Humans in data centres: risk and energy reduction opportunities
31-07-2012 - John Hatcher
The cause of the majority of failures in data centres is reported to be human error and this finding is repeated in studies of other industries. Human interaction is the common element in all cases and forms part of the ‘homo-technical system’. A very complex or highly automated design may make operation more difficult and increase the likelihood of misoperation. There may have been a large investment in redundant infrastructure but the facility is still vulnerable to how the operators act in a failure scenario. The testing and commissioning programme prior to handover is important to identify design and installation errors. This process, culminating with the integrated systems tests, allows a unique opportunity to prove that the systems operate in the manner specified, including in a variety of rare operating modes and uncovers incipient faults and latent defects. Part load testing can prove whether facility efficiency meets the expected performance.
Operational performance is a function of the organisational and individual operator experience. A well-managed facility should have clear, accessible, up-to-date, well practised procedures for both standard and emergency modes which are undertaken by staff with a thorough understanding of the systems they are responsible for and how these support the operation. The data centre industry faces a shortage of skilled operators, in part caused by its rapid growth.

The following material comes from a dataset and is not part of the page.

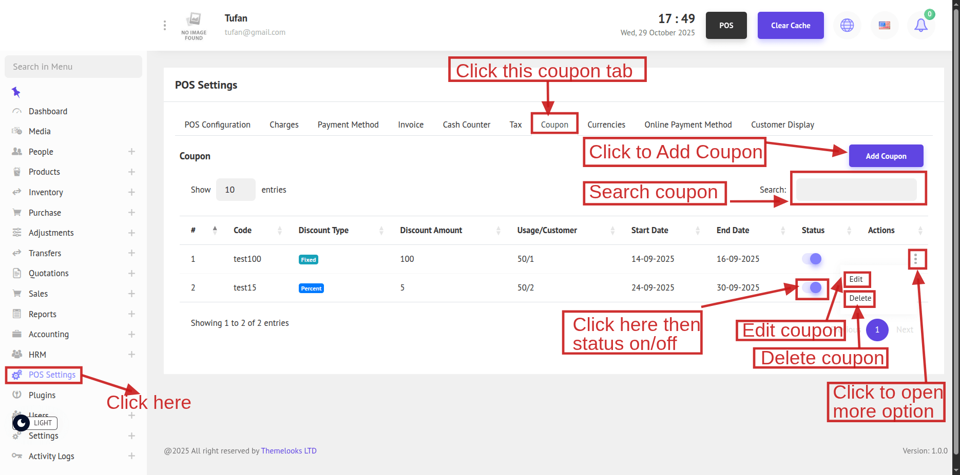 Navigate to POS Settings, When the POS Settings page loads, click the Coupon tab from the tab bar. The system will open the Coupon page, showing all coupon entries.

When budgets are restricted there may be pressure to reduce maintenance spend which can increase operational risk and may prove to be a false economy if the result is operational outages and reputational damage. Reliability forms part of the data centre total cost of ownership, however the cost of failure is difficult to estimate due to its intangible and unpredictable nature. Failures normally occur not just due to one abnormal event but a confluence of circumstances where a series of contributory factors trigger the outcome. With hindsight, the causes may have been evident but left undetected or uncorrected without previous ill effect. By having the right checks and balances in place, problems can be caught early and dealt with, minimising impact and preventing escalation. Risk tends to reduce with experience, however risk due to complacency can be important in older facilities with a more experienced site team.

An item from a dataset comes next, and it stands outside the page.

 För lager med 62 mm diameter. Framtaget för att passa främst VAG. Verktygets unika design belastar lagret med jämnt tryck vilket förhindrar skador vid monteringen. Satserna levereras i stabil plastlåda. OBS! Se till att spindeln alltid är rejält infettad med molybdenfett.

The organisational learning environment is important to allow the development of knowledge, understanding and experience. It should be recognised that mistakes are inevitable and that failure can never be completely eliminated, however by learning from our mistakes, both on an individual and organisational level, reliability can be improved. A spirit of continuous improvement fosters a positive attitude towards learning, with an openness to embrace new concepts and different ways of doing things. A blame culture is detrimental as it encourages problems to be hidden and has a negative effect on staff morale. Often one of the results following a major failure is the dismissal of staff (scapegoating), however this may not achieve the intended effect – whoever replaces them will not have the benefit of learning from the failure event; introducing less experienced people at this stage will increase risk. When failure root causes are investigated, in many cases managerial decisions are identified as significant contributing factors, rather than specific operator actions.

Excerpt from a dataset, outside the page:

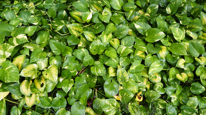 The plant has a multitude of common names including golden pothos, hunter's robe, ivy arum, money plant, silver vine, Solomon Islands ivy and taro vine.
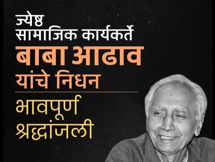 महान समाजपरिवर्तक, कष्टकऱ्यांचे कैवारी आणि मजूर चळवळीचे प्रणेते असलेले ज्येष्ठ समाजसेवक डॉ. बाबा आढाव यांचे आज दि. ८ डिसेंबर रोजी वयाच्या ९५ व्या वर्षी निधन झाले. त्यांच्या निधनाने महाराष्ट्राच्या आणि देशाच्या समाजकारण क्षेत्राचे मोठे नुकसान झाले असून, अन्यायाविरुद्ध लढणाऱ्या एका युगाचा अस्त झाला आहे.

Training has an important role in improving operator skills and motivation; it helps give people ownership of the systems they look after and provides the business with confidence that the team will perform effectively when under pressure. A better understanding of the critical infrastructure also has additional benefits, such as identifying system and plant optimisation opportunities and energy savings. This knowledge is especially valuable when cost pressures mean that legacy facility lifetimes are extended. There is often a perception that energy efficiency improvements cannot be implemented as this will compromise reliability, however with a thorough technical awareness of system design and operation, appropriate changes can be managed which reduce energy consumption and risk.
Developing a highly skilled workforce and sharing knowledge and learning between operators is an important challenge the data centre industry needs to address to improve operational performance and reduce total cost of ownership. There is a strong business case for investing in this area.